--- RECORDED INFORMATION ---
/---
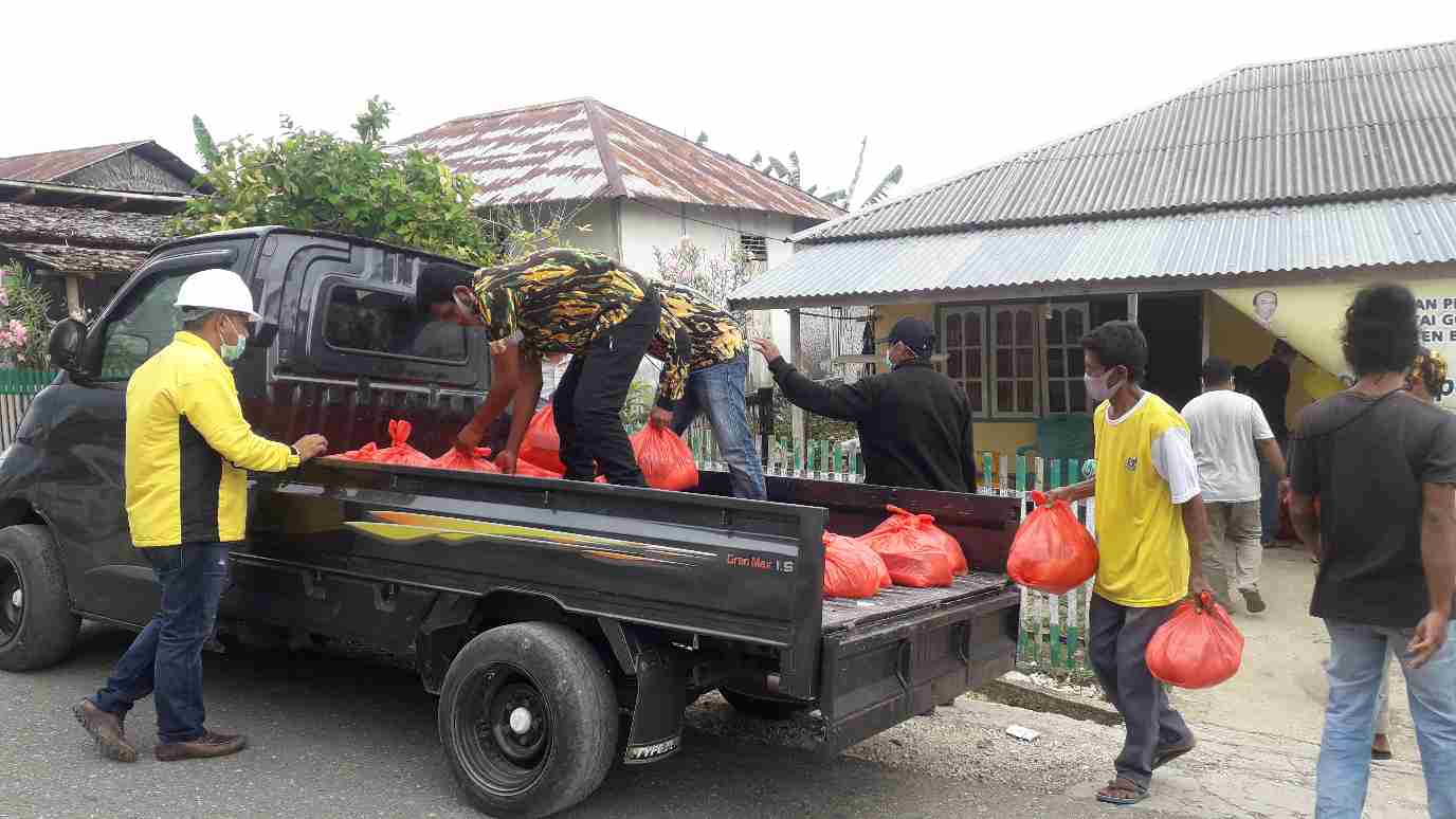 Risal Arwie, bersama ‘pasukan’ Angkatan Muda Partai Golkar (AMPG) Membagikan sembako itu secara langsung kepada warga Desa Abason dengan sistem pembagian door to door.
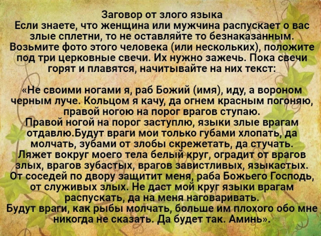 «Рот твой (имя) закрыла, водой залила, молчать тебе рыбой немой, против меня не трещать. Да будет так».
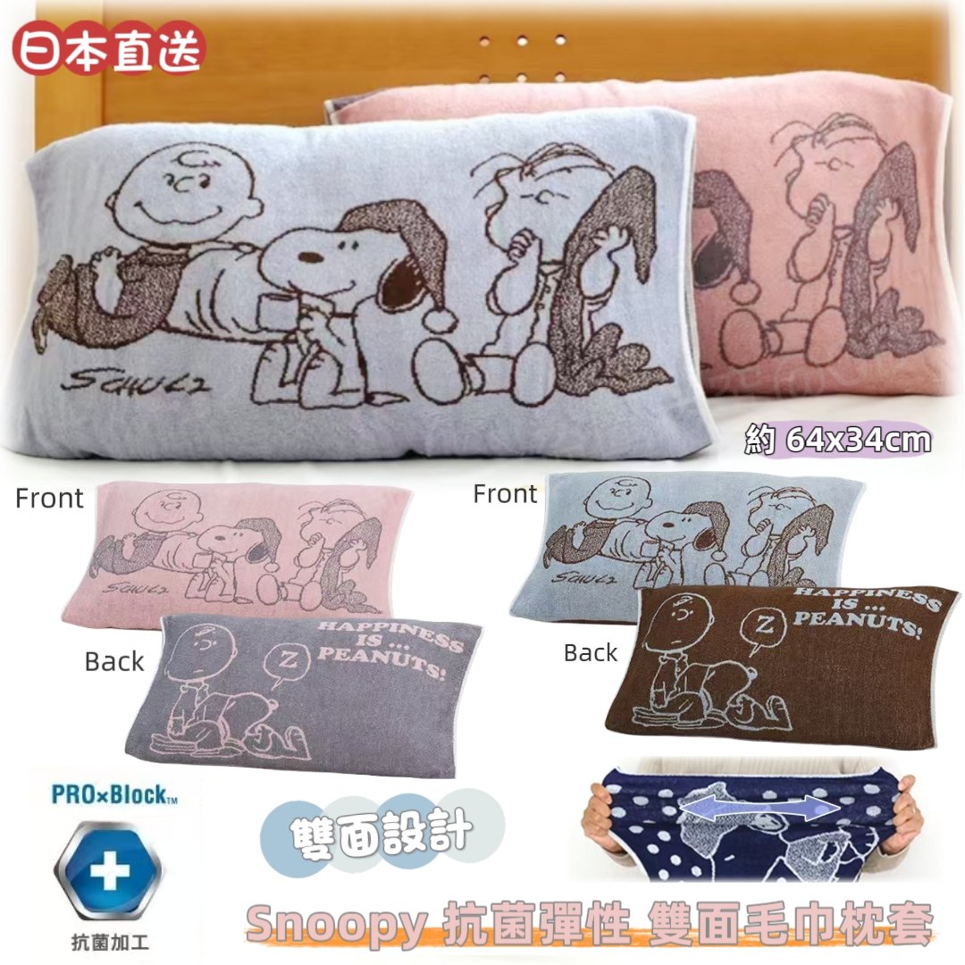 日本直送 Snoopy 抗菌彈性雙面毛巾枕套
\---
--- WORK REQUIRED ---
Repeat verbatim the lines from the one holding "(имя) закрыла, водой" through the end of the listing above, both ends included, but not the pictures.

--- RESULT FOR THIS EXERCISE ---
 «Рот твой (имя) закрыла, водой залила, молчать тебе рыбой немой, против меня не трещать. Да будет так».
 日本直送 Snoopy 抗菌彈性雙面毛巾枕套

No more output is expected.